Task: have a method in one context invoke a method in another context.

A cross-context call (xcall) is one-way and asynchronous: you queue a call to a target context’s method, and the node delivers it. The model — and why origin is trustworthy — is in the cross-context reference. This guide is the three moving parts from apps/xcall-example.

env::xcall(context_id, function, params) queues a call. Encode arguments as the JSON the target method expects:

use calimero_sdk::{app, ContextId};
fn xcall_to(&mut self, target_context: ContextId, method: &str) -> app::Result<()> {
let current_context = ContextId::from(calimero_sdk::env::context_id());
#[derive(calimero_sdk::serde::Serialize)]
#[serde(crate = "calimero_sdk::serde")]
struct Params {
from_context: ContextId,
}
let params = calimero_sdk::serde_json::to_vec(&Params {
from_context: current_context,
})?;
calimero_sdk::env::xcall(target_context.as_ref(), method, &params);
Ok(())
}

A method is only reachable by xcall if you mark it #[app::xcall]. The node refuses to dispatch a cross-context call to any method without this attribute — so undecorated methods stay private to direct callers.

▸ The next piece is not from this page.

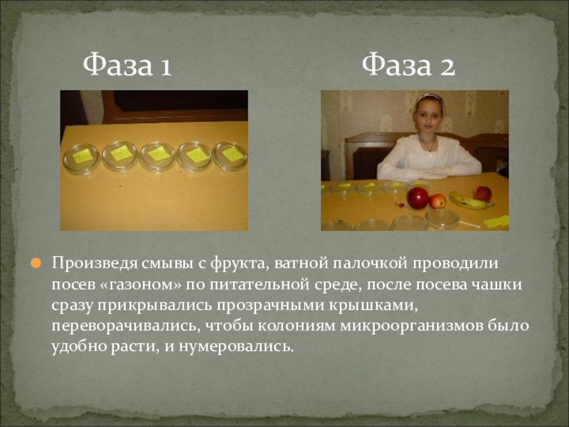 Произведя смывы с фрукта, ватной палочкой проводили посев «газоном» по питательной среде, после посева чашки сразу прикрывались прозрачными крышками, переворачивались, чтобы колониям микроорганизмов было удобно расти, и нумеровались.

env::xcall_origin() returns the calling context id — set by the node, so it cannot be forged. It is None for a direct (non-xcall) call. Use it to reject direct calls and to confirm the caller is who the payload claims:

#[app::xcall]
pub fn pong(&mut self, from_context: ContextId) -> app::Result<()> {
let origin = calimero_sdk::env::xcall_origin().map(ContextId::from);
let Some(origin) = origin else {
app::bail!("pong is xcall-only: no cross-context origin (direct call rejected)");
};
if origin != from_context {
app::bail!(
"xcall provenance mismatch: node-set origin {} != claimed from_context {}",
origin,
from_context
);
}
self.counter.increment()?;
Ok(())
}

Putting the three parts together — dispatch queues the call, the node delivers it, and the gated entry point verifies the node-set origin before doing any work. The call is one-way: nothing returns to the caller.

Terminal window
# from the source context, ping the target's `pong` entry point
meroctl --node node1 call ping \
--context <source-context-id> --args '{"target_context": "<target-context-id>"}'

The two contexts must run the same application and share a namespace.